MpFRH1 miRNA is only found in one monophyletic lineage of land plants, the liverworts. It has been conserved since the divergence of the two major clades of liverworts – Marchantiopsida and Jungermanniopsida – estimated to have occurred more than 405 million years ago (Morris et al., 2018). Therefore, we conclude that the FRH1 miRNA may have existed since soon after the divergence of liverworts from other land plant lineages approximately 440 million years ago (Morris et al., 2018). This indicates that although the negative regulatory mechanisms have changed in different lineages, FRH1 mediated negative regulation of RSL class I genes has been extant since a period in Earth history when the radiation in morphological diversity of land plants occurred. The appearance of the FRH1 miRNA may have been associated with gene regulatory network rewiring that occurred during the morphological diversification early in the liverwort lineage or during the evolution of liverworts from a common, non-liverwort ancestor.

Negative regulators can define when and where positive regulators are expressed and therefore are a key component in any gene regulatory network. For example, many mechanisms for spatial patterning of cell differentiation are based on lateral inhibition by mobile negative regulators. Here a stochastic change in gene expression in a differentiating cell results in the production of mobile negative regulators that suppress differentiation in neighbouring cells.

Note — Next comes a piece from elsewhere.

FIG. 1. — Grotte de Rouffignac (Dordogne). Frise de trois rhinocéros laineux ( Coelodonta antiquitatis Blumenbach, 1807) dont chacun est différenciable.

This principle underpins the delta-notch signalling system that defines spacing patterns of different cell types in metazoan tissues and organs (Collier et al., 1996). Another example are the CAPRICE family of mobile negative transcriptional regulators that control the pattern of root epidermal cell differentiation in A. thaliana. CAPRICE proteins are expressed in non-hair cells, but accumulate in hair-forming cells where they form a protein complex that binds to the promoter of AtGL2 repressing its transcription (Wada et al., 2002; Schellmann et al., 2002; Kurata et al., 2005; Lee and Schiefelbein, 2002). CAPRICE-mediated AtGL2 repression facilitates RSL class I expression, which then promotes the differentiation of root hair cells (Lin et al., 2015; Wada et al., 2002). MpFRH1 miRNA produced in cells that go on to develop a rhizoid, mucilage papilla or gemma may negatively regulate RSL class I expression in surrounding cells and may have a role in the spatial specification of cell types during patterning the outer surface of the liverwort body. Therefore, repression of rhizoid, mucilage papilla or gemma differentiation could involve the non-cell autonomous repression of MpRSL1 expression by mobile MpFRH1 miRNA.

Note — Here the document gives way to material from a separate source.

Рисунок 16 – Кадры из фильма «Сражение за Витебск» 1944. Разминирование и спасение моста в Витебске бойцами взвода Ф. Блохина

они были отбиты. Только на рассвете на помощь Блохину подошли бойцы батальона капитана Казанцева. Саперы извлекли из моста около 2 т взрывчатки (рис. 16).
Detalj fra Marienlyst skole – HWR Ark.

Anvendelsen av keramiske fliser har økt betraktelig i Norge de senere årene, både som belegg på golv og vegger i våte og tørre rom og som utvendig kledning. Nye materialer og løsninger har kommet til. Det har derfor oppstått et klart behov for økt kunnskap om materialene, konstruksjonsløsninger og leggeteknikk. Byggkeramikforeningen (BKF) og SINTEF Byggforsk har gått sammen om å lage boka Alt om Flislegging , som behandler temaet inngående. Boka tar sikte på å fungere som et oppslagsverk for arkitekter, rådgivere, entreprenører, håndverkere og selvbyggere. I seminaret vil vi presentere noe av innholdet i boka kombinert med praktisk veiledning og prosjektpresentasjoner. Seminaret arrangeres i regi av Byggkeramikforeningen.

In some cases the expression domain of the negative regulators and their targets are not spatially separated. For example, the final cell size in elongating Arabidopsis root hairs is defined by RSL class II gene AtRSL4, which positively regulates root hair elongation, and two transcription factors AtGTL1 and AtDF1, which negatively regulate root hair elongation by directly repressing the transcription of AtRSL4 and other genes involved in root hair elongation (Yi et al., 2010; Shibata et al., 2018). Overlapping expression domain have also been observed for miRNAs and their targets. The Arabidopsis miRNA miR164 co-localises with its targets CUP-SHAPED COTYLEDON1 (CUC1) and CUC2 transcription factor mRNAs in the margins of young leaf and floral primordia (Nikovics et al., 2006; Sieber et al., 2007). miR164 resistant CUC1 and CUC2 maintain the same expression domain as the wild type proteins, but are expressed at a higher level (Sieber et al., 2007). These findings suggest that miR164 functions to fine-tune the levels of CUC1 and CUC2 expression within their expression domain (Sieber et al., 2007). MpFRH1 may function in similar manner by temporally fine-tuning MpRSL1 levels. These hypotheses remains to be tested.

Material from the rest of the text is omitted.